Le sort du constructeur automobile russe en difficulté Avtovaz, détenu à 25% par Renault, sera l’une des priorités de son agenda ainsi qu’une possible vente à Moscou d’un porte-hélicoptères français Mistral qui a provoqué l’inquiétude des voisins de la Russie.
Selon certains médias, le géant français de l’électricité EDF pourrait aussi signer lors de cette visite un accord pour rejoindre le monopole du gaz russe Gazprom et l’italien ENI dans le gazoduc South Stream, concurrent du projet Nabucco cher à l’Union européenne. Les discussions porteront sur le partenariat dans plusieurs secteurs stratégiques.
Et ce sera du donnant-donnant : les compagnies d’hydrocarbures françaises comme Total souhaitent avoir un accès accru aux réserves énergétiques russes.
Côté russe, le premier vice-Premier ministre Igor Chouvalov a surtout souligné que le programme de modernisation du constructeur automobile en difficulté Avtovaz sera « examiné » durant la visite.

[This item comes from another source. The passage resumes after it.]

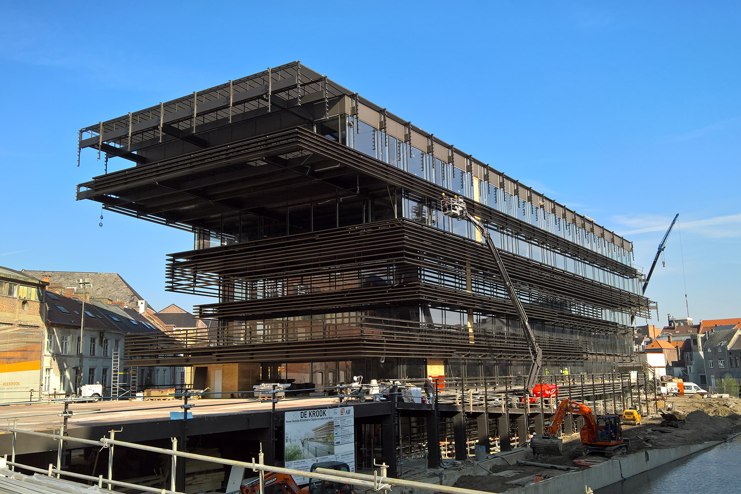 Le bâtiment de 14 000 m2 – répartis sur six étages – s’étend sur une surface de la taille d’un terrain de football et arbore la forme une péniche en métal accostée au centre-ville. Cette construction a nécessité quelque 3 000 tonnes de métal, une composante que l’on retrouve aussi à l’intérieur du bâtiment puisqu’il a notamment été aménagé avec des systèmes de rayonnages en acier réalisés sur mesure.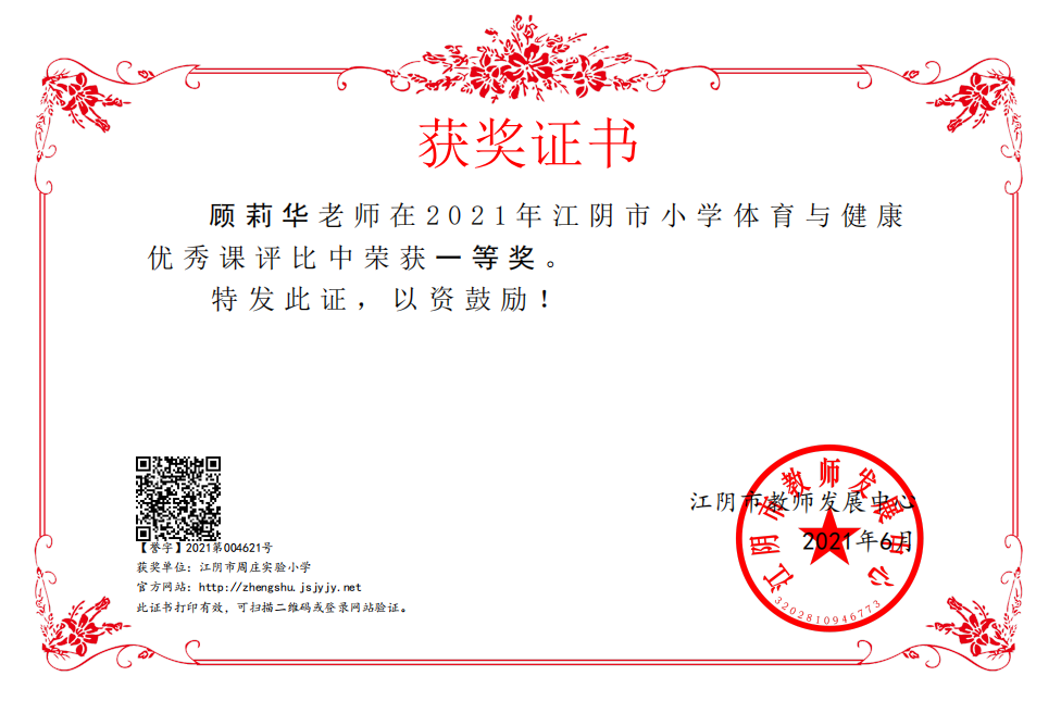 沈菁名师工作室成员——顾莉华获江阴市小学体育与健康优秀课评比一等奖

Car M. Poutine a demandé au groupe français de participer financièrement à la restructuration du groupe russe, qui fabrique les voitures Lada et croule sous les dettes.
Le PDG du constructeur français, Carlos Ghosn a toutefois déclaré début novembre que le groupe ne prévoyait « ni d’augmenter, ni de diminuer » sa participation dans Avtovaz.
Pour raviver son secteur de l’automobile, en grave difficulté suite à la crise, la Russie a cependant besoin de technologies et de partenaires étrangers, d’autant que l’américain GM vient de refuser de vendre son unité européenne Opel à un consortium canado-russe.
Vladimir Poutine et son homologue français François Fillon doivent participer à un dîner jeudi suivi de discussions avec des hommes d’affaires au château de Rambouillet. L’ex-président russe (2000-2008) pourrait aussi avoir un entretien informel avec le président français Nicolas Sarkozy.
Le déplacement intervenant dans le cadre XIVe séminaire intergouvernemental économique franco-russe, le sujet sensible des droits de l’Homme en Russie ne devrait pas être au coeur des pourparlers.
La visite aura lieu au moment où Moscou cherche à acquérir un porte-hélicoptères de classe Mistral auprès de la France, pays membre de l’Otan, une acquisition qui romprait avec une longue tradition de préférence nationale.
Le navire a accosté lundi à Saint-Pétersbourg, ville natale de Vladimir Poutine, près du célèbre musée de l’Ermitage, où il doit rester jusqu’à jeudi.
Son capitaine, Didier Piaton a confirmé que cette escale se situait « bien sûr dans le contexte » de la vente éventuelle, précisant que des officiers et industriels russes avaient visité le bâtiment.
Selon des experts militaires, Moscou, en se dotant d’un tel bateau, entend accorder plus d’importance aux « forces d’attaque rapides », ce qui suscite l’inquiétude de la Géorgie, qu’une guerre en août 2008 avait opposée à la Russie.
L’Estonie, qui entretient aussi des rapports mouvementés avec Moscou, s’inquiète aussi de ce projet et souhaite demander des précisions à Paris à ce sujet.